Single by Fall Out Boy

from the album So Much (for) Stardust
- Released: January 18, 2023
- Genre: Pop rock; pop-punk; symphonic rock;
- Length: 4:39 (album version) 4:07 (single edit)
- Label: Fueled by Ramen; DCD2;
- Composers: Pete Wentz; Patrick Stump; Joe Trohman; Andy Hurley;
- Lyricist: Pete Wentz
- Producer: Neal Avron

Fall Out Boy singles chronology
| "Hand Crushed by a Mallet (remix)" (2019) | "Love from the Other Side" (2023) | "Heartbreak Feels So Good" (2023) |

Music video
- "Love from the Other Side" on YouTube

= Love from the Other Side =

"Love from the Other Side" is a song by American rock band Fall Out Boy, released on January 18, 2023, through Fueled by Ramen and DCD2. It was released as the lead single from the band's eighth studio album, So Much (for) Stardust.

== Background ==
In December 2022, the band released began teasing a new song with claymation animation. The band also created a website called sendingmylovefromtheotherside.com. "Love from the Other Side" was announced on January 11, 2023. The song was released on January 18 and the band confirmed the album title, So Much (for) Stardust, and release date for March 24, 2023. The song marks a return to releasing music under Fueled by Ramen, with their last release under the label being Take This to Your Grave. It was also announced that the song and album were produced by Neal Avron, making it the first time Fall Out Boy had worked with him since Folie à Deux.

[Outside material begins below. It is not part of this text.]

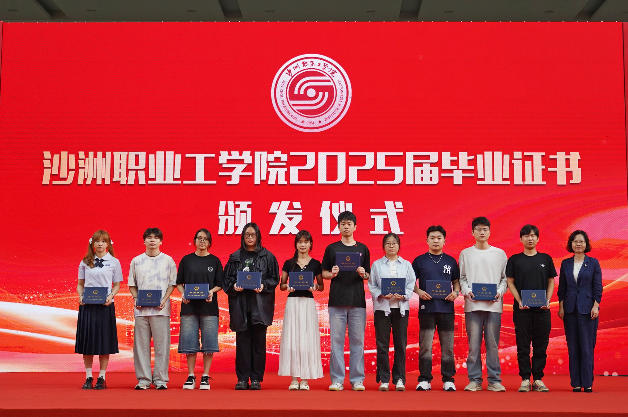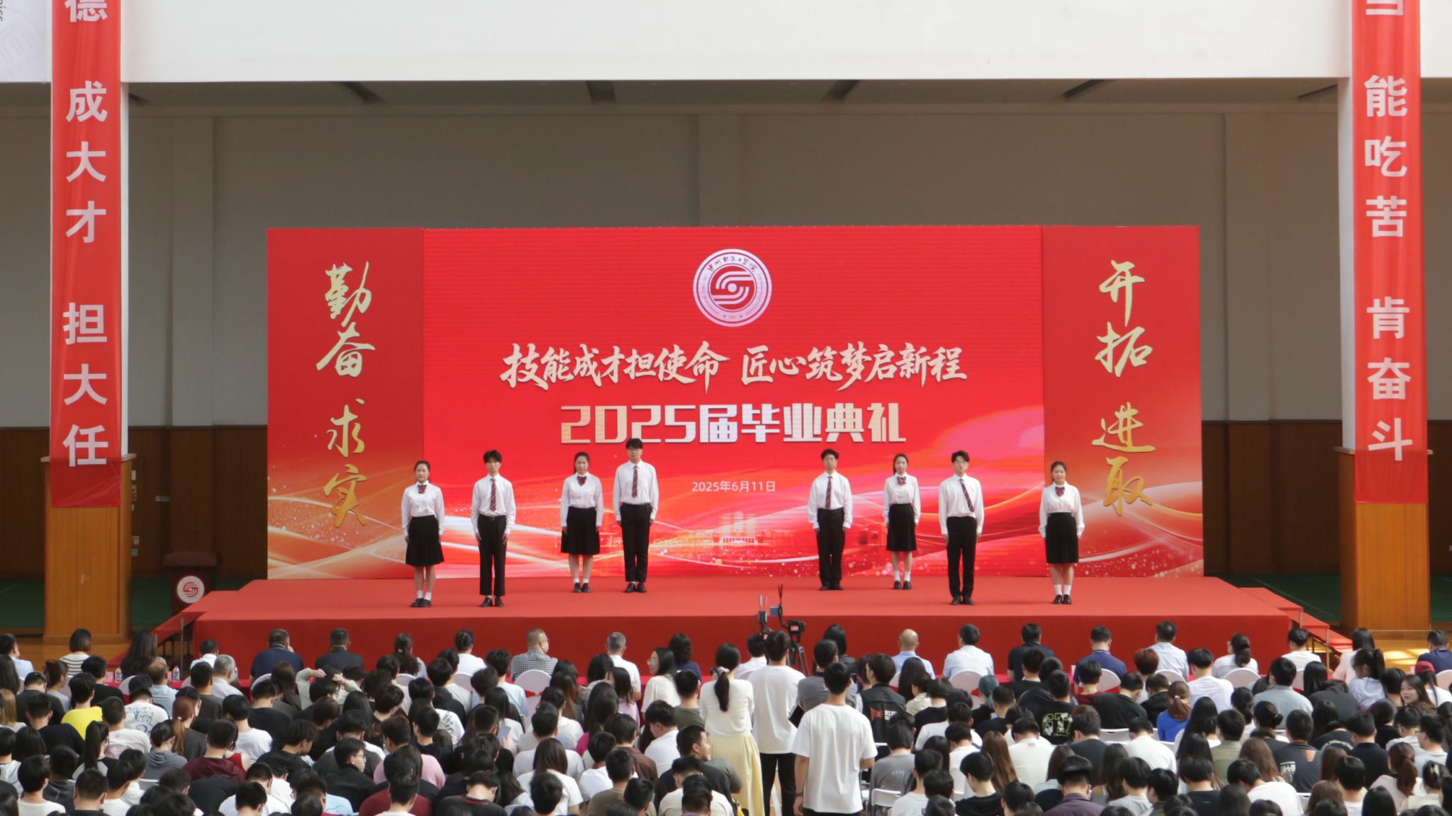 6月11日上午,我校在体育馆举行2025届毕业典礼。全体校领导,各部门、各二级学院负责人,教师、辅导员、校友代表、2025届毕业生参加了典礼。现场进行诗朗诵、播放毕业季特辑短片、校领导为毕业生颁发毕业证书、为“优秀毕业生”颁发荣誉证书、寄语毕业生,以及毕业生代表和教师代表交流发言、优秀校友分享求学、工作、创业经历等议程。典礼在师生代表的祝福歌曲《总有美好在路上》、《好相逢》中落下帷幕。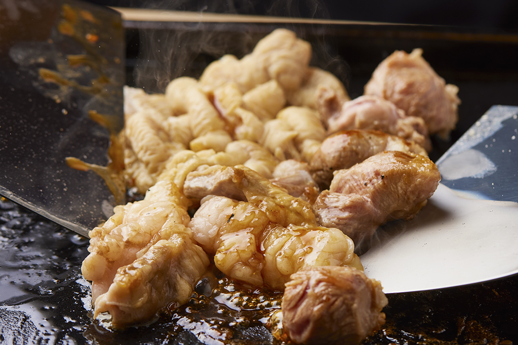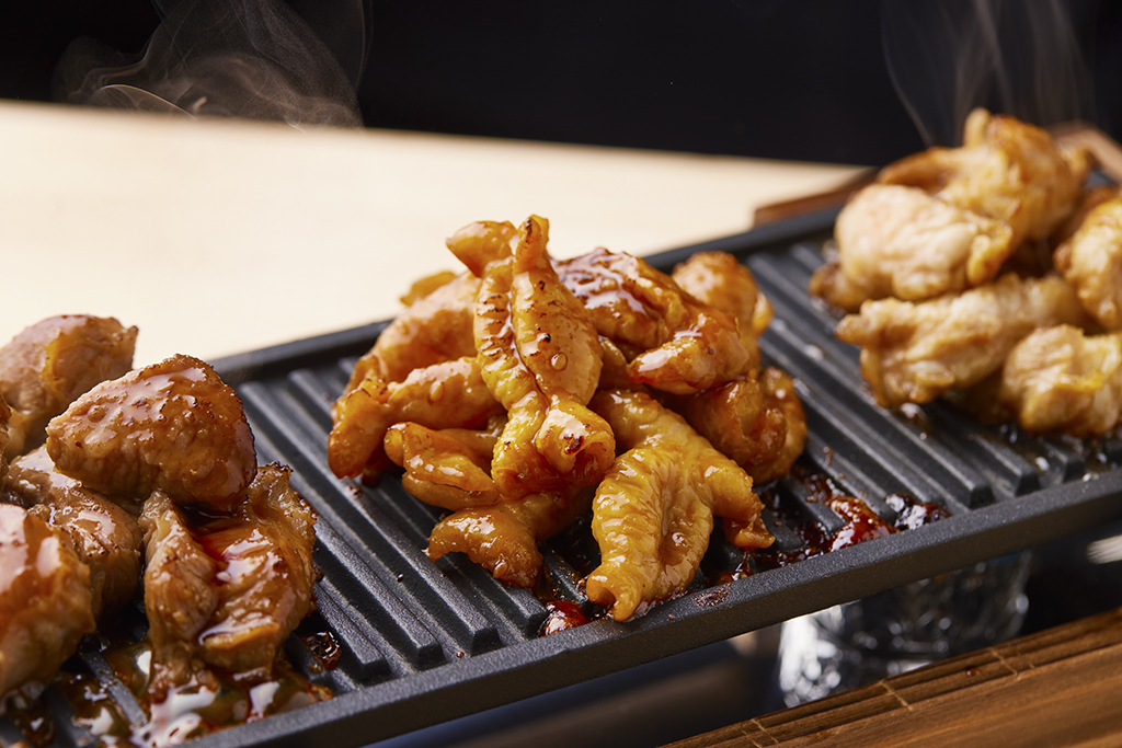 熱した鉄板でご提供することで、お酒と合わせながらゆっくりと、アツアツのお肉を楽しんでいただくことができます。あっさりした「塩ダレ」、コクのある「醤油ダレ」、こってり味の「味噌ダレ」の3種のソースから、お好みの味つけでお召し上がりください。

Vocalist Patrick Stump discussed choosing the song as the lead single:

“I don’t know (laughs). I was surprised when that got suggested. Management were like, ‘Other Side!’ and I was like, ‘Really?!’ Label were like, ‘Other Side!” I was like, ‘Really?!’ I guess I assumed that it was not streamlined enough or pop enough, and I assumed it had to be more straight ahead or something... so I was really happy when everybody picked the song. It’s kinda become a running gag that I don’t know what ‘the’ song is. Any time I'm like, ‘I love that song! That’s the song!’ Everyone’s like, ‘Eeeeh, yeah it's okay…’”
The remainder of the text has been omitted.